Ao mesmo tempo, o autor descreve um deslocamento: o médico deixa de ser apenas “provedor direto” e passa a operar como gestor do cuidado, com tarefas redistribuídas em uma força de trabalho maior e mais segmentada. Essa reorganização, para Brown, ajuda a explicar por que o sistema pode ser tecnologicamente sofisticado, porém com problemas persistentes de acesso e coordenação.

A crítica à medicina tecnológica e o “complexo médico-industrial”

No epílogo, Brown argumenta que políticas de financiamento (fundações e governo) tenderiam a favorecer abordagens técnicas e reducionistas, separando problemas de saúde de seus contextos sociais e políticos.

Ele descreve ainda a convergência de interesses que impulsiona tecnologias caras: médicos, hospitais, cientistas e corporações formariam uma relação simbiótica em torno de um sistema de cuidados como commodities. Nesse trecho, Brown também registra a dinâmica na qual grande parte do “capital de risco” para pesquisa pode vir do setor público, enquanto a apropriação de lucros tende a ocorrer no setor privado, e decisões de desenvolvimento de produtos se orientam por expectativa de rentabilidade.

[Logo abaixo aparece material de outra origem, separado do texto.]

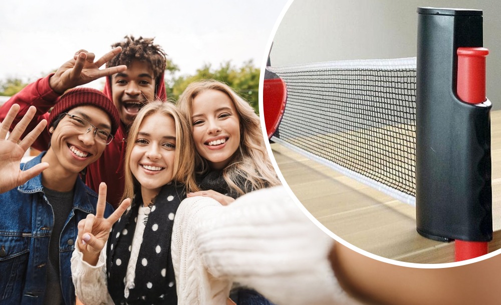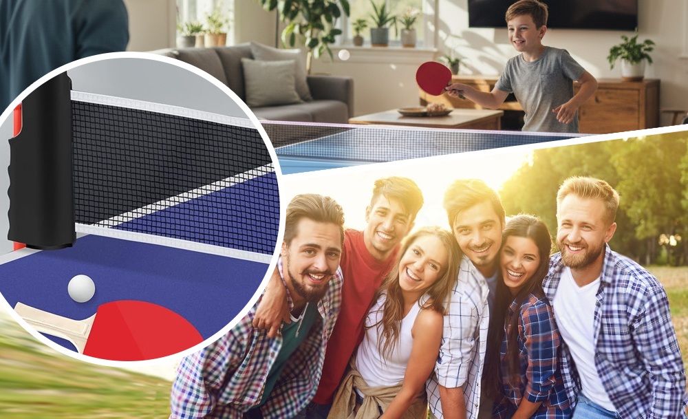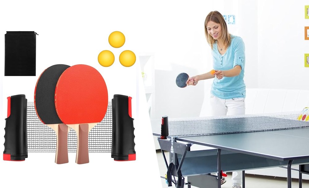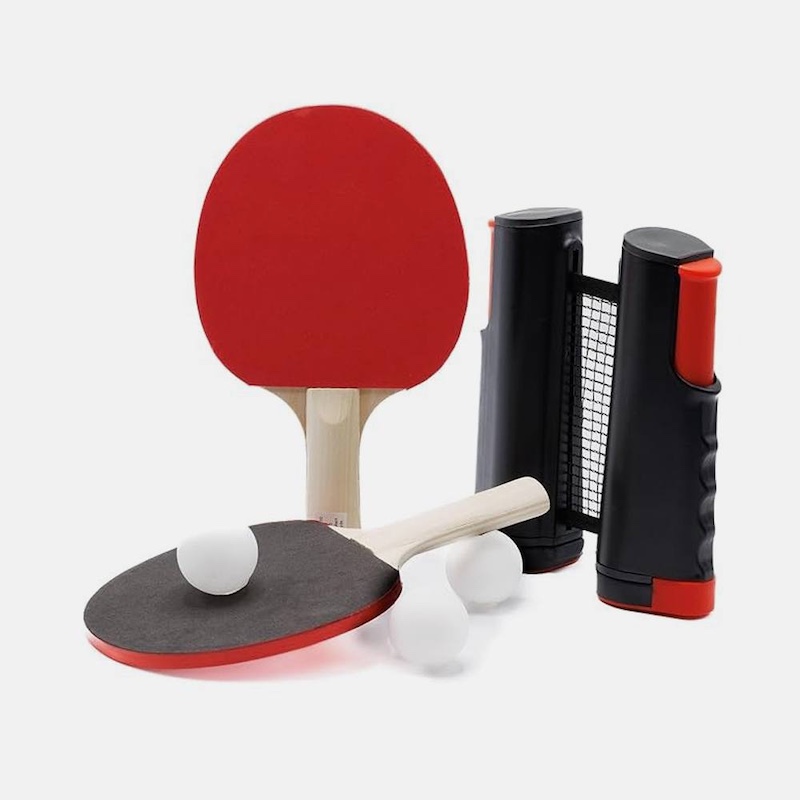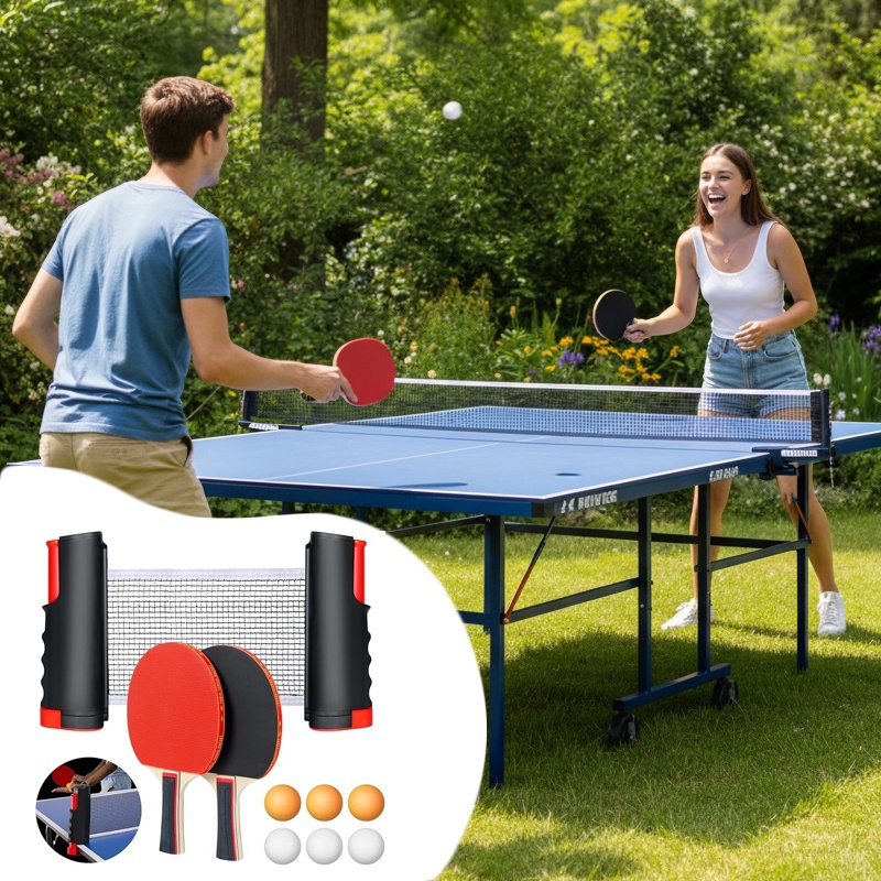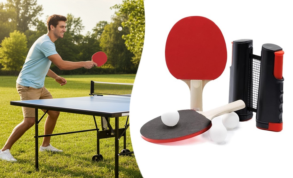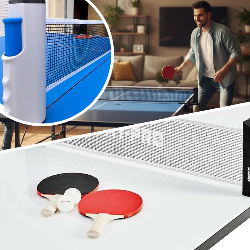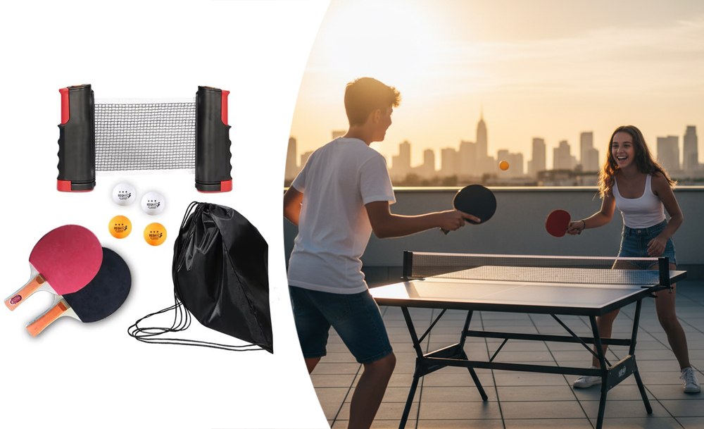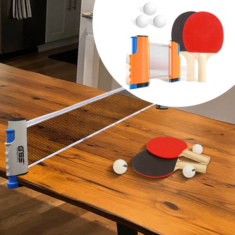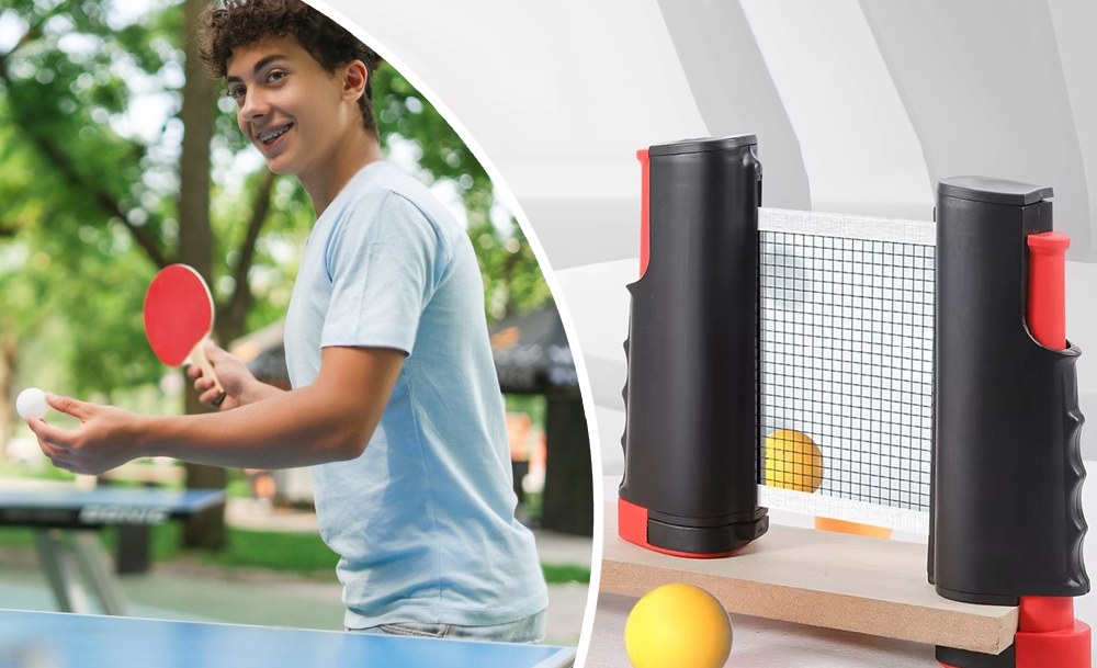 Портативный набор для настольного тенниса с выдвижной сеткой, ракетками и мячами — это удобный комплект, который позволяет устроить игру в пинг-понг в любом месте. Сетку можно быстро развернуть на любой подходящей поверхности. Она легко фиксируется и также просто складывается обратно.

Fecho: por que esse livro segue sendo citado

A relevância do livro, no próprio quadro que ele propõe, está em mostrar que a medicina moderna não se organizou apenas por descobertas e boas práticas clínicas, mas também por instituições, dinheiro, governança e disputas de poder. Na leitura de Brown, compreender essa “engenharia social” é parte do caminho para entender por que um sistema pode, ao mesmo tempo, produzir avanços científicos e manter crises de custo, acesso e prioridades.